2. Description of the Background Art
A specific material exhibits diamagnetism under a superconducting phenomenon such that no potential difference is developed although a finite stationary current flows in its interior.
This superconducting phenomenon is applied to an extremely wide range of fields such as that of electric power including MHD power generation, power transmission and magnetic energy storage and that of transportation including a magnetic levitation train and an electromagnetically thrust ship. Further, a high-sensitive sensor for a magnetic field, a high frequency, radiation or the like utilizing the superconducting phenomenon is applied to the field of measurement, and also superconductors are used in the field of nuclear magnetic resonance (NMR), .pi.-meson remedy and a high energy physical experimental apparatus, while the superconducting phenomenon is also expected in the field of electronics, represented by the Josephson device, as a technique which can not only reduce power consumption but implement an element of extremely high-speed operation.

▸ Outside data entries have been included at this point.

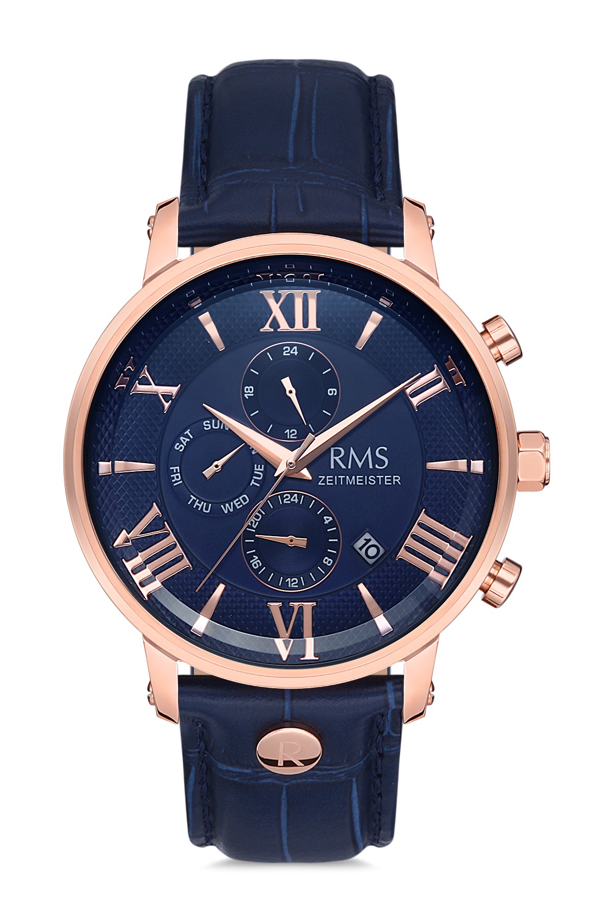 Erkek - Kronometre - Rose - Mavi̇ - Doğal Deri̇ Kordon - Mavi̇ - 3 Atm - Sertleşti̇ri̇lmi̇ş Mi̇neral Cam - Grand Romanson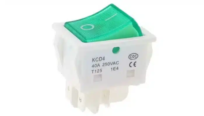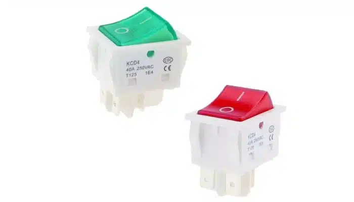 Keinukytkin 22mm x30mm aukkoon merkkivalolla 250V AC ON-OFF toiminnolla.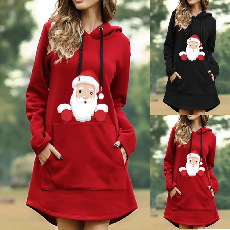 Christmas Print Hooded Long Sleeve Women's Sweatshirt Dress

Superconductivity was until recently only observed under a very low temperature. Even Nb.sub.3 Ge, which has been referred to as that having the highest critical temperature T.sub.C of superconductivity within conventional superconducting materials, has an extremely low critical temperature of 23.2 K, and this value has been regarded as the limit critical temperature of superconduction for a long period of time.
Therefore, a superconducting material has been generally cooled to a temperature below the aforementioned critical temperature with liquid helium which boils at 4.2 K, in order to implement a superconducting phenomenon. However, such employment of liquid helium leads to technical and economic burdens due to cooling equipment including liquefaction equipment, to hinder implementation of the technique of superconductivity.
On the other hand, it has been recently reported that a composite oxide sintered body can show superconductivity at a high critical temperature, and development of the technique of superconduction is abruptly being prompted with a superconductor whose critical temperature is not very low. It has been reported and recognized that a Y-Ba-Cu-O material superconducts at 90 K while Bi-Sr-Ca-Cu-O and Bi-Pb-Sr-Ca-Cu-O materials superconduct at 110 K respectively.
Liquid nitrogen is relatively easily obtainable at a low cost, and in fact, development of the technique of superconduction has been greatly advanced with discovery of a superconducting material which operates at the temperature of liquid nitrogen.
However, not only the critical temperature but current density is an important matter of concern for a superconducting magnet, a wiring member for a device, a power cable or the like in practice, such that current density of at least 1000 A/cm.sup.2 must be attained. When the superconductor is elongated, further, such current density must be substantially uniformly attained over the longitudinal direction of the elongated superconductor. The critical temperature can be increased by using a Bi superconductor or a superconductor containing Bi which is partially replaced by Pb in particular, while current density of such a Bi superconductor is 100 to 200 A/cm.sup.2 at the most. In practice, however, the current density must be ten times or more, while such high current density must be substantially uniformly attained over the longitudinal direction of the elongated superconducting material.